#### RECORDS TO USE ####

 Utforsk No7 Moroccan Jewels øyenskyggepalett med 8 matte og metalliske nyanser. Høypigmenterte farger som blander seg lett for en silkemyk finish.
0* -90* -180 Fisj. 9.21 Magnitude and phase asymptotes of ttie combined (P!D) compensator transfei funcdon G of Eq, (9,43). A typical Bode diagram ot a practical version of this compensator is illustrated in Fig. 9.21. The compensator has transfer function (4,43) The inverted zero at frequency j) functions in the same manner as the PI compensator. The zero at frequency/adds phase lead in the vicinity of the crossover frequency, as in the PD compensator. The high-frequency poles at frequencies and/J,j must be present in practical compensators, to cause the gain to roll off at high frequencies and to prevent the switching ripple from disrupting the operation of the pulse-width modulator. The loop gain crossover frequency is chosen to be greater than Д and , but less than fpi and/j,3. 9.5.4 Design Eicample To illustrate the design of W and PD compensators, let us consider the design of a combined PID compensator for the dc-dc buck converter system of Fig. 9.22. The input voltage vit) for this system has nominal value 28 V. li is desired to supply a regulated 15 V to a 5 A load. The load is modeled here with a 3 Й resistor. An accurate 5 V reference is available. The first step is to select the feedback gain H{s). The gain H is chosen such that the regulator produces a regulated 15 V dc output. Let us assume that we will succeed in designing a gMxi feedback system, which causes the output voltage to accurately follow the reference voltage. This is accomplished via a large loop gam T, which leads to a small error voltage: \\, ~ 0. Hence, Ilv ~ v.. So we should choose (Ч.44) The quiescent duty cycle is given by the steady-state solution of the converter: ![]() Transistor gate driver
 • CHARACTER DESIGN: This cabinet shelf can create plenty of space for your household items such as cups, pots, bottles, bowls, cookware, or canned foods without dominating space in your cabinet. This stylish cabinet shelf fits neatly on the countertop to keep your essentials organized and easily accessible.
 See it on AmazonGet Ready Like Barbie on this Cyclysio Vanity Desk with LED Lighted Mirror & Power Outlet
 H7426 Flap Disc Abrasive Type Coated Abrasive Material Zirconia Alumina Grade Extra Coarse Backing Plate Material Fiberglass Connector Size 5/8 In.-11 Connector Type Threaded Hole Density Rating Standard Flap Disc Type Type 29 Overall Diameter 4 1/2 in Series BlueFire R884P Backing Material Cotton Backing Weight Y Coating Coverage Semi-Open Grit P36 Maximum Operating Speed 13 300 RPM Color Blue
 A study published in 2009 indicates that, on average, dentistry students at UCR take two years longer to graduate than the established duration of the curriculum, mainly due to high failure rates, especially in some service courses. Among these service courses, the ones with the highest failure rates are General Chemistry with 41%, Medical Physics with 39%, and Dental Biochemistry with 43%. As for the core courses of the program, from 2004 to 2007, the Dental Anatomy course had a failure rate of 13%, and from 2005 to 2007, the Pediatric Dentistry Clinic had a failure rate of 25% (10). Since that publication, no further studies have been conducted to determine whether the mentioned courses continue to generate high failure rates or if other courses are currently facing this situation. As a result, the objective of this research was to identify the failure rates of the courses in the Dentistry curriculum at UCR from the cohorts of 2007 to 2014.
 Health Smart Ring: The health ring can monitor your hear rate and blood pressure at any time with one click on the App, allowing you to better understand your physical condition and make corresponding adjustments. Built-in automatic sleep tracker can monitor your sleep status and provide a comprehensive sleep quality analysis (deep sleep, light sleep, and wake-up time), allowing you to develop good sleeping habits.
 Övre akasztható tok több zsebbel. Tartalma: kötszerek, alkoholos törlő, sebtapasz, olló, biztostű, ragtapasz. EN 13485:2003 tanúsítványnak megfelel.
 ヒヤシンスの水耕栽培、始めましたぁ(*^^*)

####
#### RECORDS TO USE ####

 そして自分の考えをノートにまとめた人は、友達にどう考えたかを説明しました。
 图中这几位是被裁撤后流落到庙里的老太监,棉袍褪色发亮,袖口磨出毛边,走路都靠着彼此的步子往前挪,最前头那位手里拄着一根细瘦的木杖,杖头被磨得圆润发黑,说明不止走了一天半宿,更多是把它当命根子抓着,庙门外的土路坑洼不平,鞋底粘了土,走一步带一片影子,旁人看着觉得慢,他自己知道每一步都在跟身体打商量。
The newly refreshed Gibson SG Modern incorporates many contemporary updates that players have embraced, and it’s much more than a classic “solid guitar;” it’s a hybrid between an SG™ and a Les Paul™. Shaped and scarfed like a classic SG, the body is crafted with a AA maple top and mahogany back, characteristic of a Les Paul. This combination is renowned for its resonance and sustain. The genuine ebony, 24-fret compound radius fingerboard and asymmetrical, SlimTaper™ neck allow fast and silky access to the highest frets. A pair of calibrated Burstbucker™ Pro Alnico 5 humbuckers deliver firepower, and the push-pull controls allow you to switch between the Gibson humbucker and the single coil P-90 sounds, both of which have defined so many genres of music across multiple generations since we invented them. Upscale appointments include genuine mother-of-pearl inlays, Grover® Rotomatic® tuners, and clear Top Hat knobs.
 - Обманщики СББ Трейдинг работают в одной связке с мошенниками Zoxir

####
#### RECORDS TO USE ####

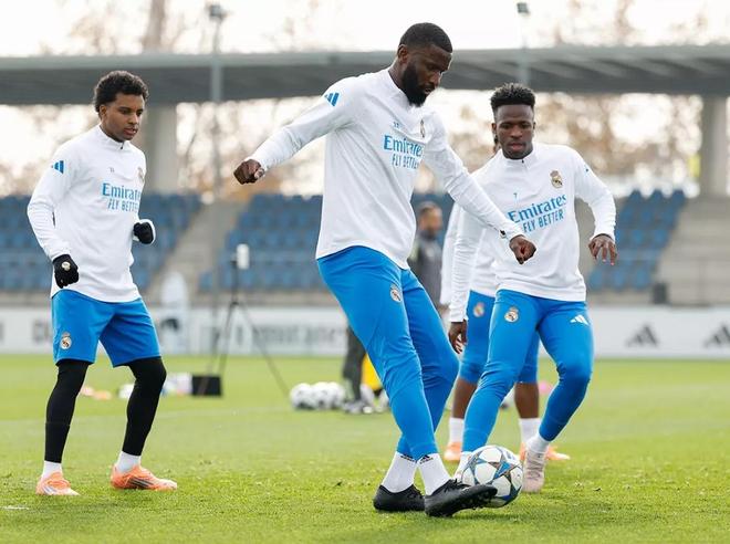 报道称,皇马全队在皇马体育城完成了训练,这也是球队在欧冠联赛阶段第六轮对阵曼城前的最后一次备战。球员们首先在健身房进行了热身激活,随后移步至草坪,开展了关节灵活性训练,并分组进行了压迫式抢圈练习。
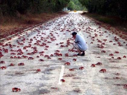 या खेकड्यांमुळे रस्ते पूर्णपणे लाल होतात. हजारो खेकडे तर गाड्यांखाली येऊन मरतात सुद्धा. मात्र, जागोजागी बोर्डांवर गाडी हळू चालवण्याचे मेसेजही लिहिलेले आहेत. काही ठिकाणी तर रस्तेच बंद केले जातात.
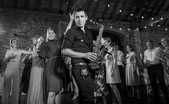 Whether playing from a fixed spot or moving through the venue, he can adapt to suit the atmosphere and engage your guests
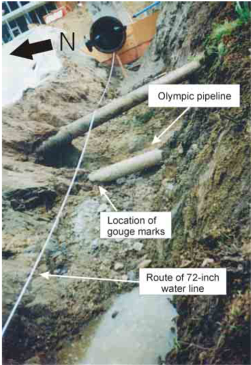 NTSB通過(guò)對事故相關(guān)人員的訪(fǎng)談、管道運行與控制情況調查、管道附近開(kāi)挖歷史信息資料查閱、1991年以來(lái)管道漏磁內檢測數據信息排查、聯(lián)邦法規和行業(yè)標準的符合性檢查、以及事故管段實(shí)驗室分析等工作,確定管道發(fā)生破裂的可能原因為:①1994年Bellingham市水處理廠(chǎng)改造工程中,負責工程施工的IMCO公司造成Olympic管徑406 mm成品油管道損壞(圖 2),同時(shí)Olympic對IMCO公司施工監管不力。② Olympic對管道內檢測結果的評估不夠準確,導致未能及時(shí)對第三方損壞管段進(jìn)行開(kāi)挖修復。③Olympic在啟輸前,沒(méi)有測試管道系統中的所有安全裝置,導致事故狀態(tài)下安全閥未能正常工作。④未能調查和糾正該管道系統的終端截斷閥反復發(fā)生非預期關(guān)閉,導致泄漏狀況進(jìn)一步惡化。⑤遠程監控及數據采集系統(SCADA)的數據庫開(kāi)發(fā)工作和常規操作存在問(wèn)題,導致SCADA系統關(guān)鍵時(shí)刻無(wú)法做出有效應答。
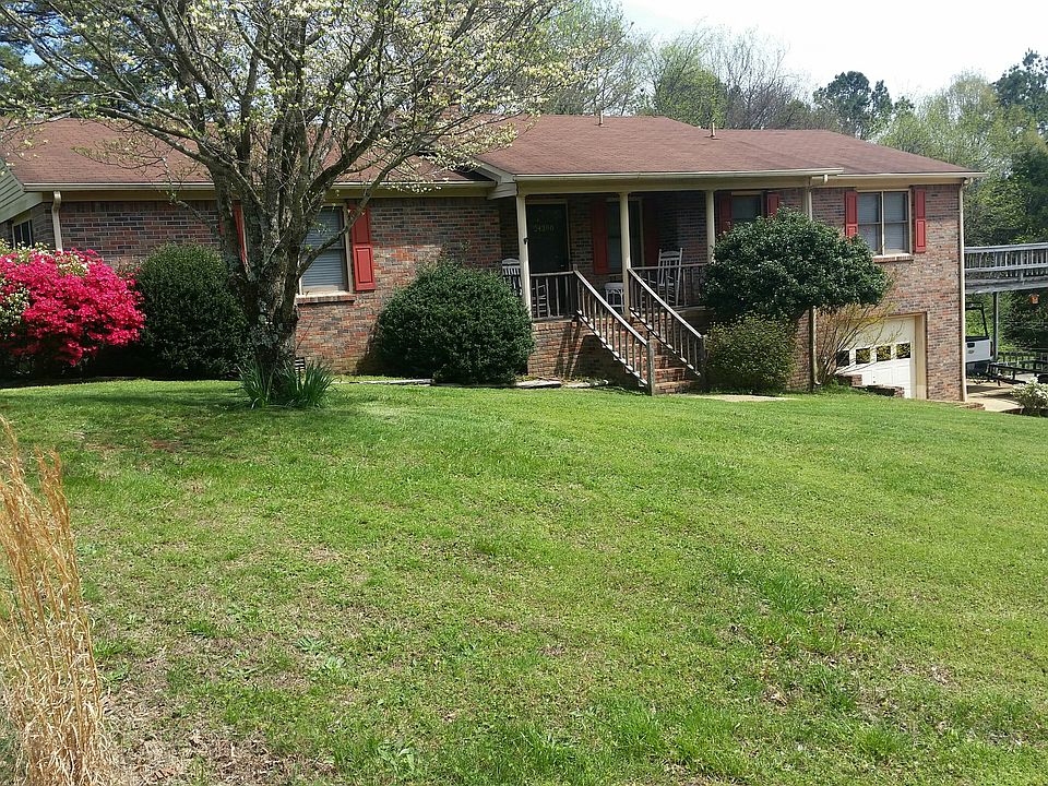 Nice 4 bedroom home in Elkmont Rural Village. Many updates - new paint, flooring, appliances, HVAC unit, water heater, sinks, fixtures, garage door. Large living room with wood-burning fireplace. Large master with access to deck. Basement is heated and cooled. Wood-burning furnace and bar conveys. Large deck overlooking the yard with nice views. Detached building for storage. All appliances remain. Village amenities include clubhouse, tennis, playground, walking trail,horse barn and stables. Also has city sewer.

####

TASK REQUIREMENTS: Write down exactly what the lines above say, from the line holding "या खेकड्यांमुळे रस्ते" through the line holding "Whether playing from", and nothing more. Do not copy the pictures.

SOLUTION:
 या खेकड्यांमुळे रस्ते पूर्णपणे लाल होतात. हजारो खेकडे तर गाड्यांखाली येऊन मरतात सुद्धा. मात्र, जागोजागी बोर्डांवर गाडी हळू चालवण्याचे मेसेजही लिहिलेले आहेत. काही ठिकाणी तर रस्तेच बंद केले जातात.
 Whether playing from a fixed spot or moving through the venue, he can adapt to suit the atmosphere and engage your guests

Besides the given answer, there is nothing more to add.